[Opening Records to use section]
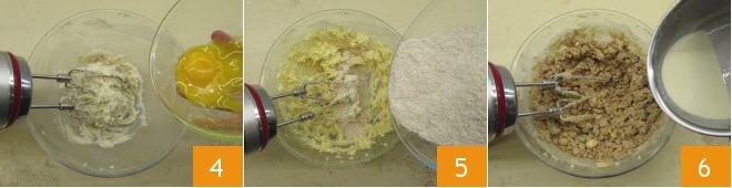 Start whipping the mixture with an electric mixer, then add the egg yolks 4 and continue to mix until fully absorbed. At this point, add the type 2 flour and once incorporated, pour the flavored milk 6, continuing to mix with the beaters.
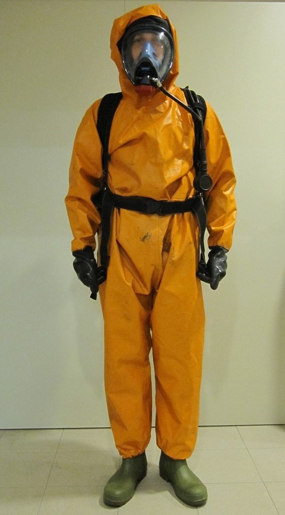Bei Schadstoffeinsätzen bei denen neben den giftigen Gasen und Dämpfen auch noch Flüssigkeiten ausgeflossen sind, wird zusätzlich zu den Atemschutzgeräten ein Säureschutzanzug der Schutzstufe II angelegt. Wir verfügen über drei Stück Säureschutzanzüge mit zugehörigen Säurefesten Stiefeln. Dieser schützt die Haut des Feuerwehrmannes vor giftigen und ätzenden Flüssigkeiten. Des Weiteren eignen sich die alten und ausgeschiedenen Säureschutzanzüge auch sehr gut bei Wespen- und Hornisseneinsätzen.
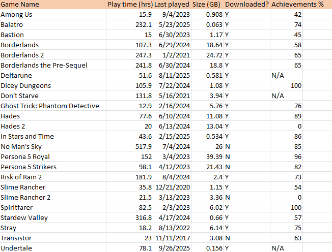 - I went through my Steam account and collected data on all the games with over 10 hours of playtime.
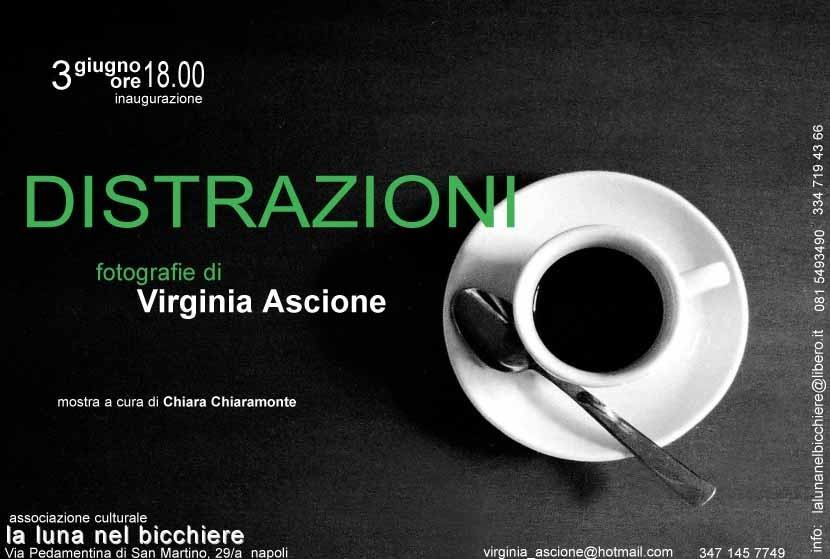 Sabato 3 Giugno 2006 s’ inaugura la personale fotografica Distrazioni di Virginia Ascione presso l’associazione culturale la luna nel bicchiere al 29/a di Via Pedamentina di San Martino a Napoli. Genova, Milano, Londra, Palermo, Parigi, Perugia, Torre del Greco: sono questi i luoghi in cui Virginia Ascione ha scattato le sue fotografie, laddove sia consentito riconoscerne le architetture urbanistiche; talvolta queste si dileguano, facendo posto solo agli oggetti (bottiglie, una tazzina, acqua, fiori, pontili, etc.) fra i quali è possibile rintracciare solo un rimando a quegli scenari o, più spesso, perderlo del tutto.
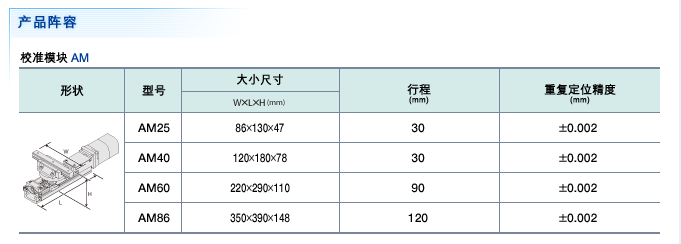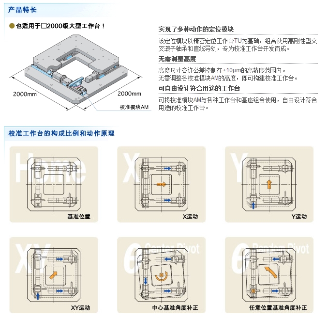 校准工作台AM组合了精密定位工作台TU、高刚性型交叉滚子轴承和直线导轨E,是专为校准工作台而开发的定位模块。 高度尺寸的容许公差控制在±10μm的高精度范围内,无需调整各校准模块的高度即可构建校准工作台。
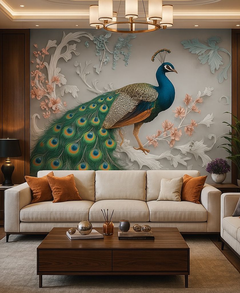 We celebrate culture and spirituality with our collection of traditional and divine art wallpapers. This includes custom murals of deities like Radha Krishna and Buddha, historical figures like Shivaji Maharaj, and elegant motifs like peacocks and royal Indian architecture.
[Closing Records to use section]
[Opening Records to use section]
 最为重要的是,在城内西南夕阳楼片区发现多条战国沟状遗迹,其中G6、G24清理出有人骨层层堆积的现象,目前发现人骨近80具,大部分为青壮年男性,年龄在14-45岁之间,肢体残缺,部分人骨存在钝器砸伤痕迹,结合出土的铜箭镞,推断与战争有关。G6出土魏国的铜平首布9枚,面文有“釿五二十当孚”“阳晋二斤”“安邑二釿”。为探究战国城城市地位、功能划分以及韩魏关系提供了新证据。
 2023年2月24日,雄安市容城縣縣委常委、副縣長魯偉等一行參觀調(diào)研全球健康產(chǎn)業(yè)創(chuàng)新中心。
[Closing Records to use section]
Everything above from the line with "校准工作台AM组合了精密定位" through the line with "We celebrate culture" should be retyped exactly, and nothing else; omit pictures.

■ The answer:
 校准工作台AM组合了精密定位工作台TU、高刚性型交叉滚子轴承和直线导轨E,是专为校准工作台而开发的定位模块。 高度尺寸的容许公差控制在±10μm的高精度范围内,无需调整各校准模块的高度即可构建校准工作台。
 We celebrate culture and spirituality with our collection of traditional and divine art wallpapers. This includes custom murals of deities like Radha Krishna and Buddha, historical figures like Shivaji Maharaj, and elegant motifs like peacocks and royal Indian architecture.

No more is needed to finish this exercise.